Material provided ▸
□ □ □ □

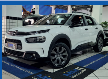
CITROËN C4 CACTUS FEEL 2022

Transmissão automática de 9 marchas com tração integral Tanque de combustível: 59 litros Porta-malas: 468 litros Airbags: frontais, laterais e de cortina Direção assistida: Elétrica Sistema de som: Premium
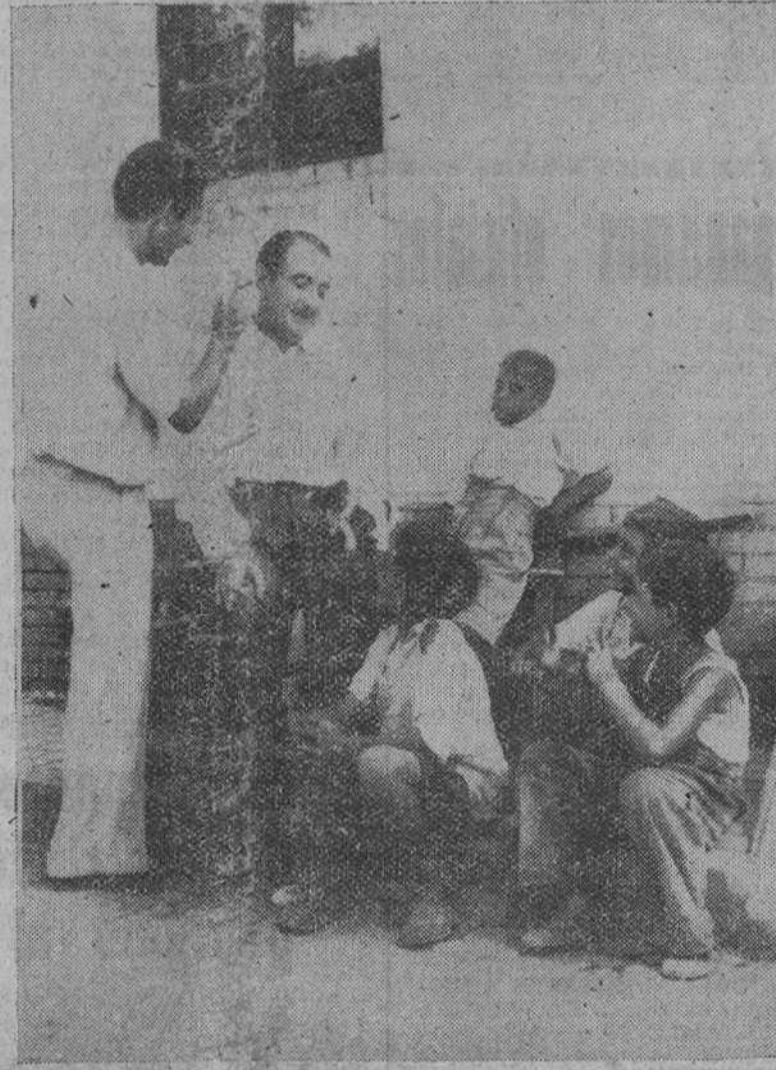
Nueva York. — El actor cinematográfico Clifton Webb, que actualmente se halla rodando en esta capital la película "The Man Who Never Was", admirado por un grupo de niños onubenses mientras es maquillado
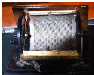
堀井輪転謄写印刷機
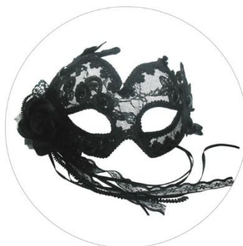
Pie de foto: Antifaces de puntilla
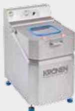
NEUE VERSION: KS 100 PLUS Salatschleuder
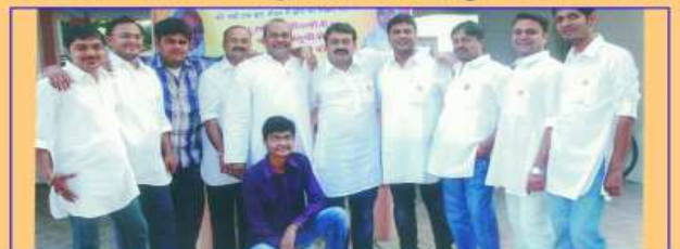
શ્રી કચ્છકેસરી યુવક મંડળની ટીમ
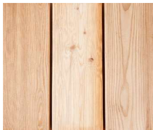
Lärche - natur
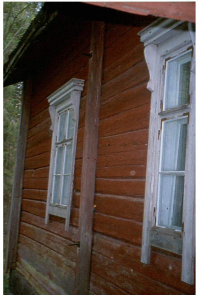
Kartanon pientenlasten koulun, Mykkälän koulun, pihanpuoleisia ikkunoita.

Muistitieto ei ole varmennettua tietoa. Ihmiset muistavat asioita ei näkökulmilta ja eri tavoin, ja muistelutilannekin vaikuttaa muistoihin. Oman elämän tapahtumia voidaan muistaa
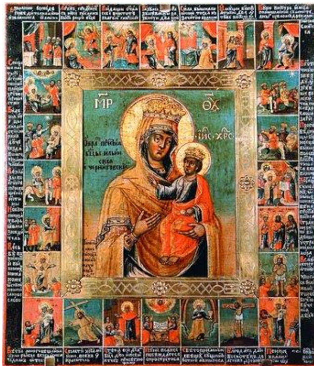
(іл.9) Яким Максимов. Ікона Божої Матері «Чернігівської Іллінської» з акафістом, 1780 р.; дерево, темпера. Володимиро-Суздальський музей-заповідник.

також кипарису. Зображення на нижньому полі при загальній відповідності композиційної побудови кіотної рами змінено. Якщо на рамі в центрі був зображений герб гетьмана Мазепи, а по боках від нього - військовий табір під місяцем і місто, освітлене сонцем, то на іконах складного ізводу в центрі нижнього поля представлений російський герб із зображенням Азовської ікони Божої Матері, зліва – план військових дій при Азові, праворуч – освітлений сонцем вид Троїцько-Іллінського монастиря з хресним ходом.
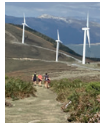
Elgeako parke eolikoa. A.E.G.

Hiru helburu nagusi izango ditu batzarrak: batetik, Udalak energia-iturrien gainean egindako lanketa eta jasotako informazioa azalduko dute; bigarrenik, Aramaion kanpotik jasotako parke eolikoaren proiektuari buruz hitz egingo dute, eta, modu horretan, Udalak herritarren iritzia jasoko du; azkenik, energia-iturrien gainean herritarren informazioa jasotzeko, 2023an zehar herritarrekin egin nahi dituzten hausnarketa saioei buruzko eskema aurkeztuko du Udalak.
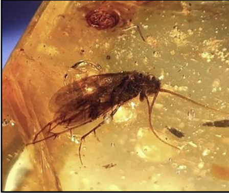
Vårflue 15 mm i Dominikansk rav

Her til slut lidt om Rav fra Dominica . Dette rav er ungt, kun 20-30 millioner år gammelt og indeholder også insekter og så også noget så spændende som hår fra pattedyr. Ravet kommer fra La Toca Minerne. Herfra kommer også det blå rav.
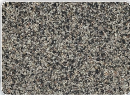
Körnung ca. 0,5 – 1,0 mm
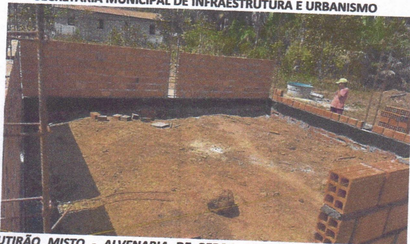
IMAGEM 03 – MUTIRÃO MISTO - ALVENARIA DE PEDRA ARGAMASSADA (TRAÇO 1:6) C/AGREGADOS ADQUIRIDOS; LASTRO DE CONCRETO MAGRO, APLICADO EM BLOCOS DE COROAMENTO OU SAPATAS, ESPESSURA DE 5 CM; FORMA PLANA PARA ESTRUTURAS, EM COMPENSADO RESINADO DE 10MM, 07 USOS, INCLUSIVE ESCORAMENTO;
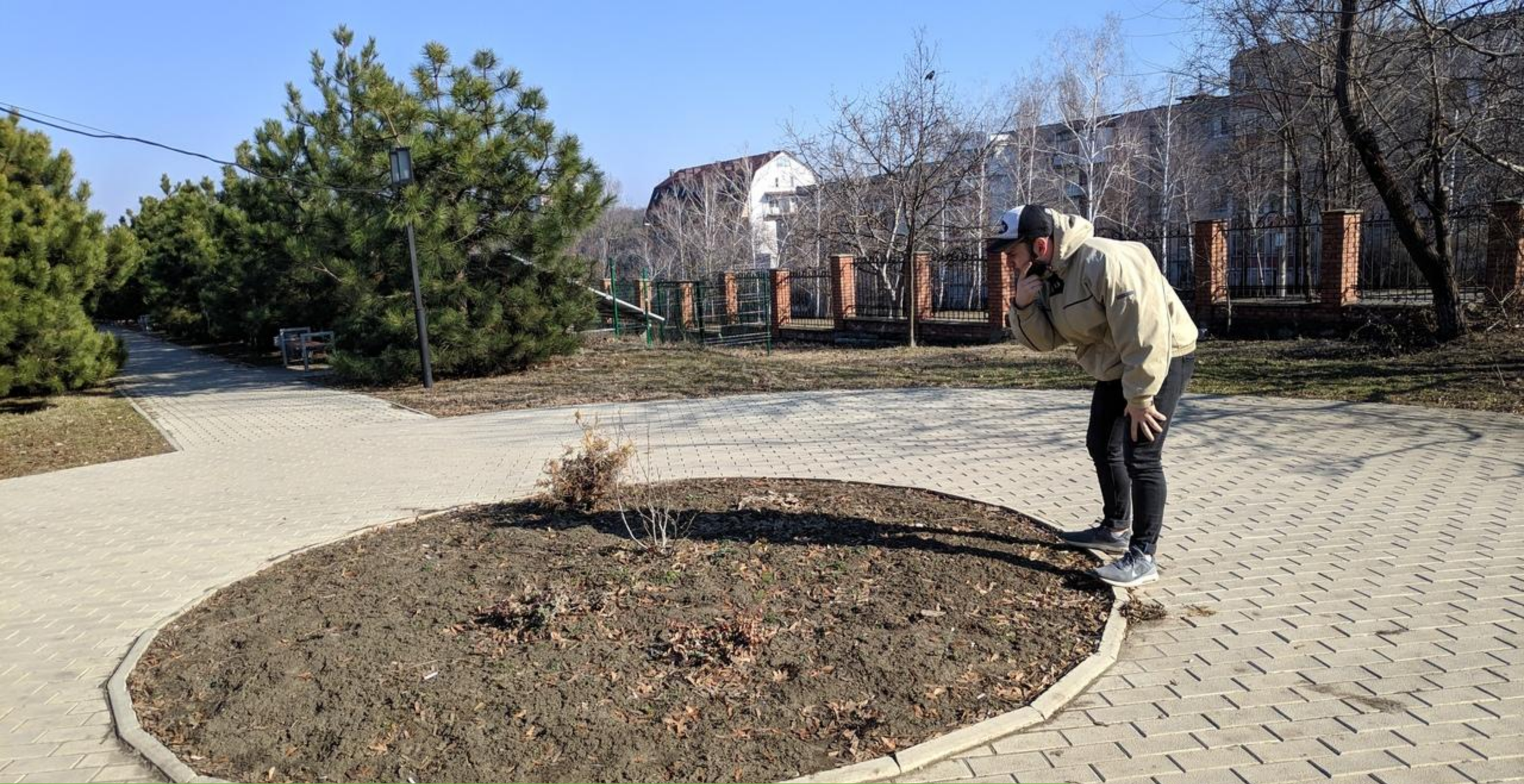
Преимущество №3 – Насаждения молодых растений
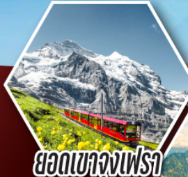
ยอดเขาจุงเฟรา
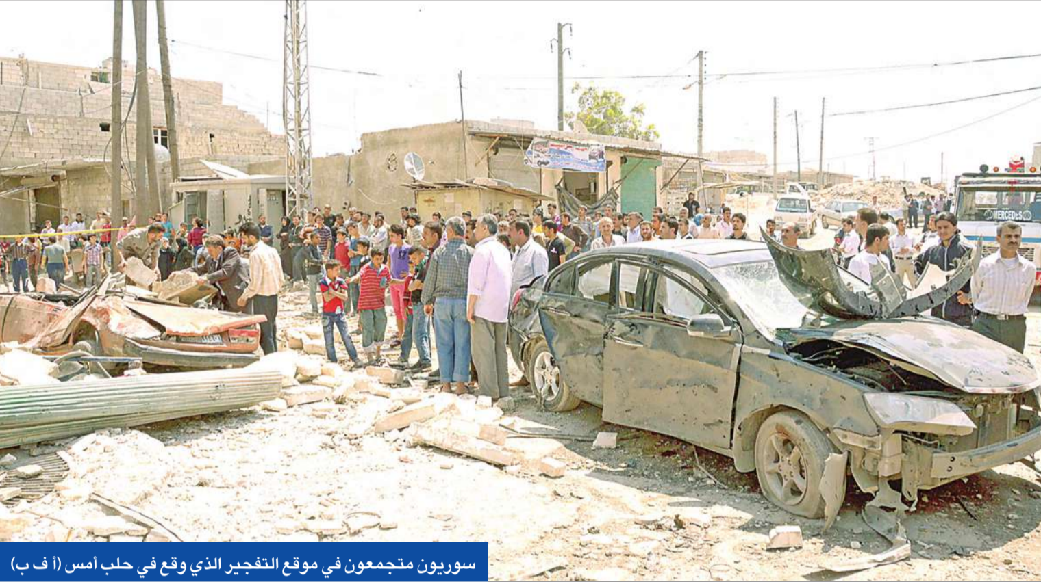
سوريون مجتمعون في موقع التفجير الذي وقع في حلب أمس

● آلاف الدمشقيين يشيعون قتلاهم متحدّين رصاص الأمن ● اغتيال مسؤول «بعثي» في إدلب
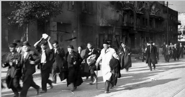
Zivilist*innen werden von SS-Einheiten abgeführt. Deutsche Truppen begehen schwerste Kriegsverbrechen. Die Bevölkerung wird zu großen Teilen aus der Stadt vertrieben und zur Zwangsarbeit verpflichtet.
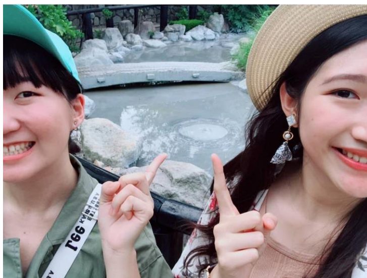
和室友一起去大分的別府地獄めぐり。 (2018/07/28)
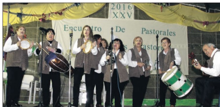
Una de las actuaciones.
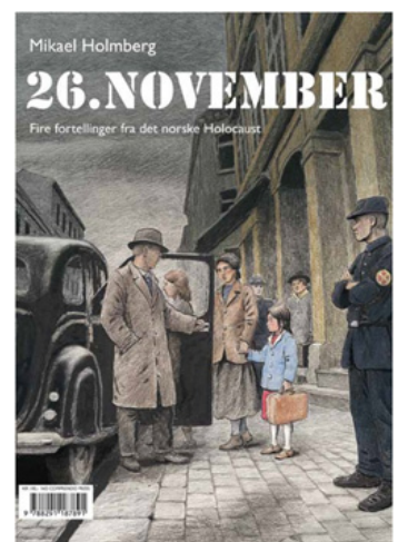
Forsiden av tegneserien 26. november , en tegneserie basert på fire overlevelsesberetninger fra Holocaust i Norge.
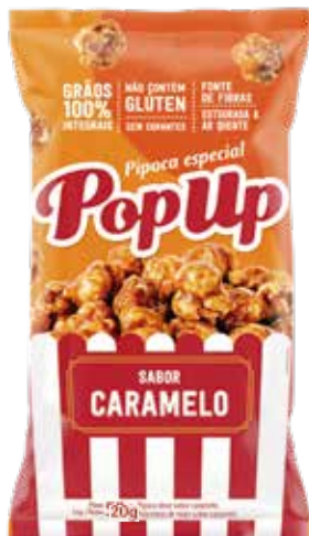
POP UP CARAMELO 51X20G
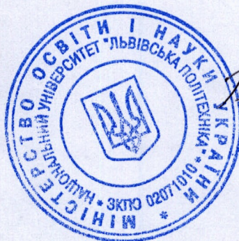
Р. Б. Брилинський

Відгуки надійшли до спеціалізованої комісії 15.03.2017 р. Вчений секретар [Signature] / [Signature] С.І./
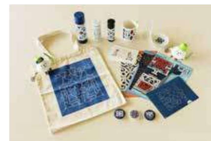
博物館 1F ミュージアムショップ

ウポポイ園内での自由時間などで、お土産の購入やご飲食利用ができる店舗があります。入場ゲート外の店舗ご利用でも再入場が可能です。
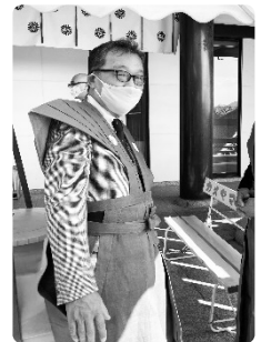
今年：マスク着用で
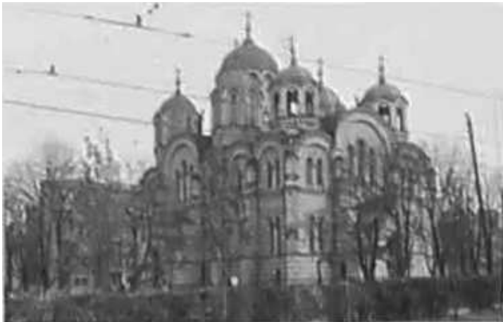
105. Київ, Володимирський собор.

ЦДАВО України, ф. 3676, оп. 1, спр. 139, арк. 31 зв., п. 39.
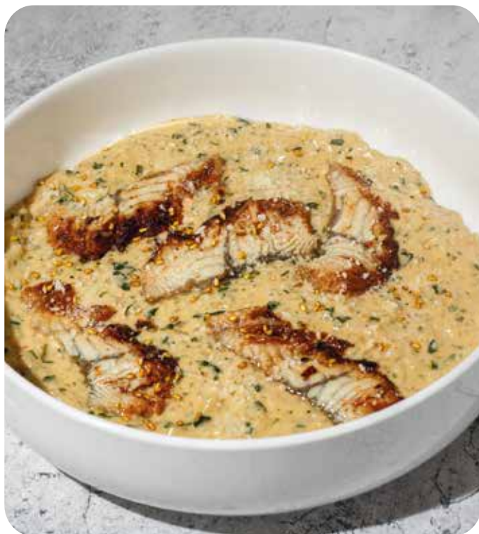
Ризотто с угрем
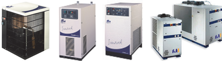
■ Smard SC ■ Smard ■ FTGD ■ HPKT
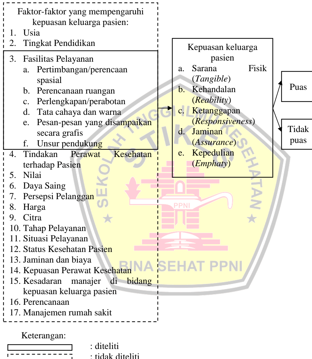
Gambar 2.3 Kerangka Konseptual Analisis Kepuasan Keluarga Pasien Berdasarkan Fasilitas Pelayanan Di Rumah Umum Anwar Medika Krian Sidoarjo Penjelasan Kerangka Konseptual:

Kerangka konsep di bawah ini didapatkan dari modifikasi teori Silalahi, Rantetampang, Msen, & Mallongi, 2019; Rangkuti, 2012; Pai, Ravi, & Chary, 2011; Farzianpour, Byravan, & Amirian, 2015)
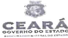
TABELA DE LANCES - RDC 20210004 - SEDUC

OBJETO: LICITAÇÃO DO TIPO MAIOR DESCONTO PARA CONCLUSÃO DA CONSTRUÇÃO DE UM CENTRO DE EDUCAÇÃO INFANTIL - CEI - MAURITÍ - CE.
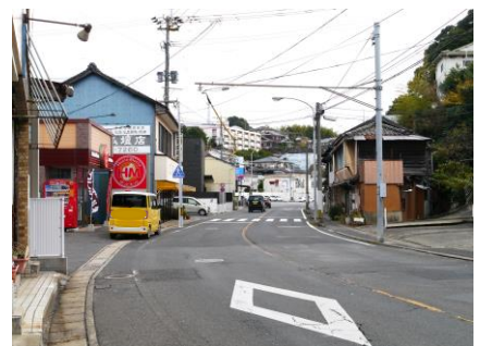
⑥ ほっともっと前 信号のない横断歩道
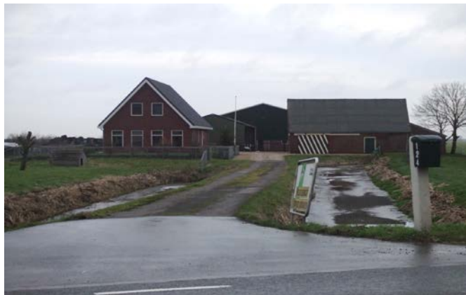
Noordzijde 124 te Bodegraven huidige situatie
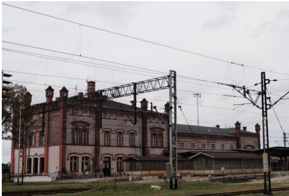
Dworzec kolejowy w zespole stacji kolejowej Kamieniec Ząbk.
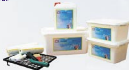
Homeset für ca. 12 qm.

Das atmungsaktive, diffusionsoffene Finish garantiert die Wirkungsweise der unteren beiden Schichten. Seine Gitternetzstruktur verleiht Protect Room® Stabilität. Das ästhetisch ansprechende Finish wirkt abweisend gegen Schimmel und Pilze. Das System Protect Room® ist vollkommen schadstoff-frei.
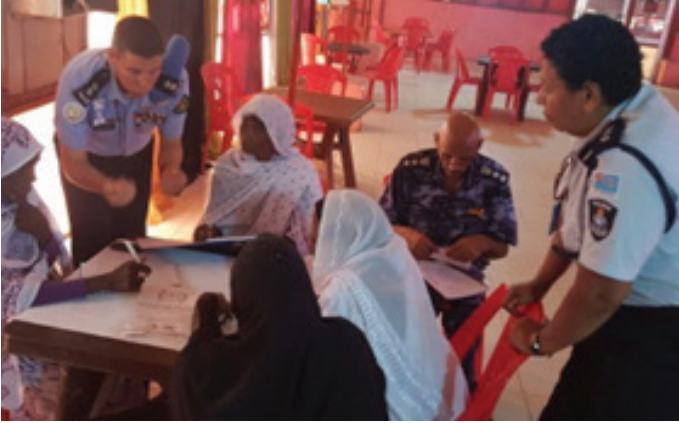
UNAMID Facilitators and SPF female officers in a discussion on how to enhance women participation.

ميسرو اليوناميد وضابطات قوات الشرطة السودانية خلال مناقشة كيفية تعزيز مشاركة النساء

□ □ □ □

Task directions ▸
In the records above, find the lines containing "Матері" and copy them.

Task result ▸
(іл.9) Яким Максимов. Ікона Божої Матері «Чернігівської Іллінської» з акафістом, 1780 р.; дерево, темпера. Володимиро-Суздальський музей-заповідник.
також кипарису. Зображення на нижньому полі при загальній відповідності композиційної побудови кіотної рами змінено. Якщо на рамі в центрі був зображений герб гетьмана Мазепи, а по боках від нього - військовий табір під місяцем і місто, освітлене сонцем, то на іконах складного ізводу в центрі нижнього поля представлений російський герб із зображенням Азовської ікони Божої Матері, зліва – план військових дій при Азові, праворуч – освітлений сонцем вид Троїцько-Іллінського монастиря з хресним ходом.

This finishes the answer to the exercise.